Data block:

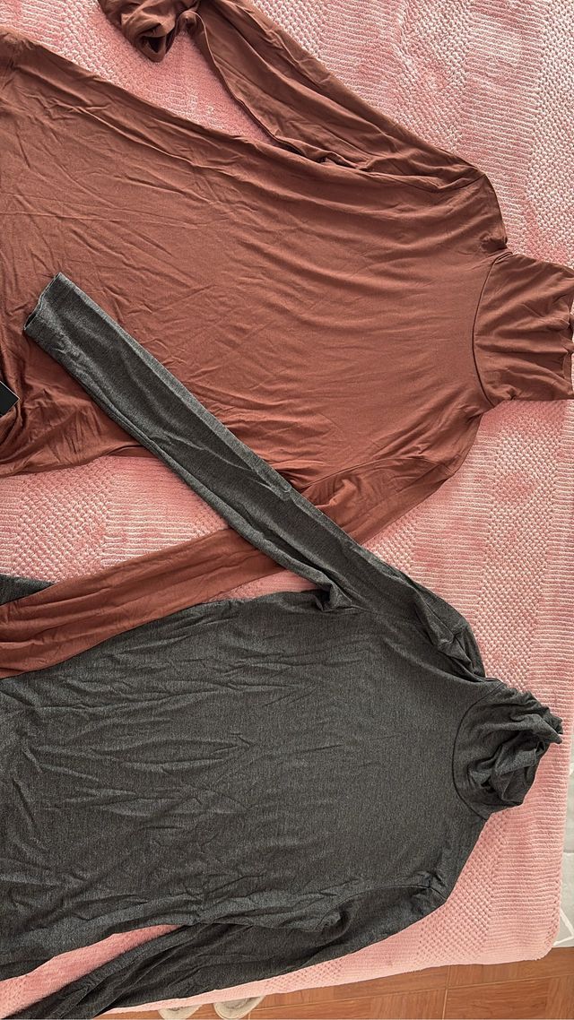 2 Camisetas Cuello Alto Marrón y Gris
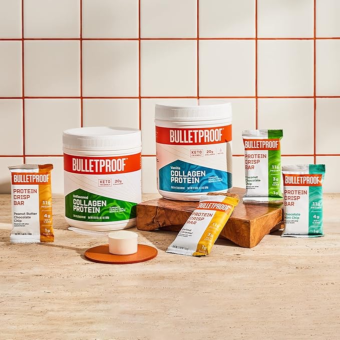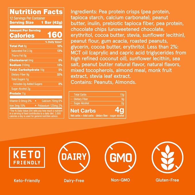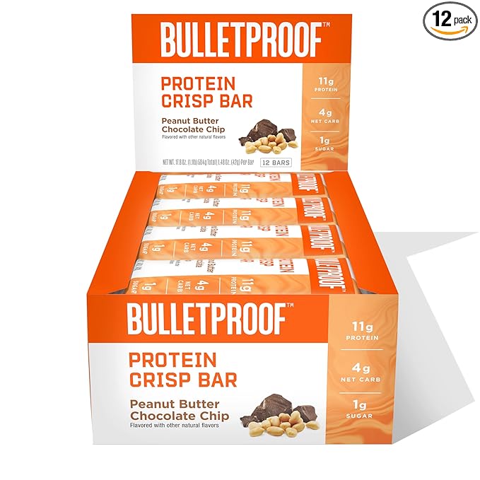 - Contains one 12-count box of Bulletproof Peanut Butter Chocolate Chip Protein Crisp Bars
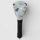 Cute chihuahua dogs in black, brown, tan, cream, grey and blue coats sit and stand scattered dog bones and paw prints on a light blue background.
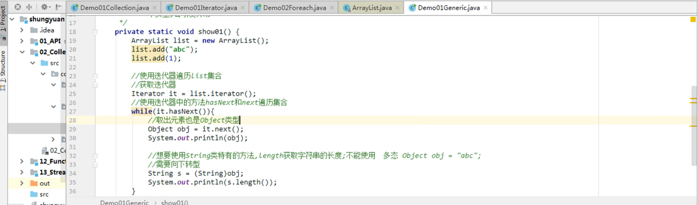 集合不使用泛型,默认的类型就是Object类型,可以存储任意类型的数据

Task directions: Please print exactly the lines from the one holding "- Contains one" through the final line of the data above, including both, and skip all pictures.

Written solution:
 - Contains one 12-count box of Bulletproof Peanut Butter Chocolate Chip Protein Crisp Bars
 Cute chihuahua dogs in black, brown, tan, cream, grey and blue coats sit and stand scattered dog bones and paw prints on a light blue background.
 集合不使用泛型,默认的类型就是Object类型,可以存储任意类型的数据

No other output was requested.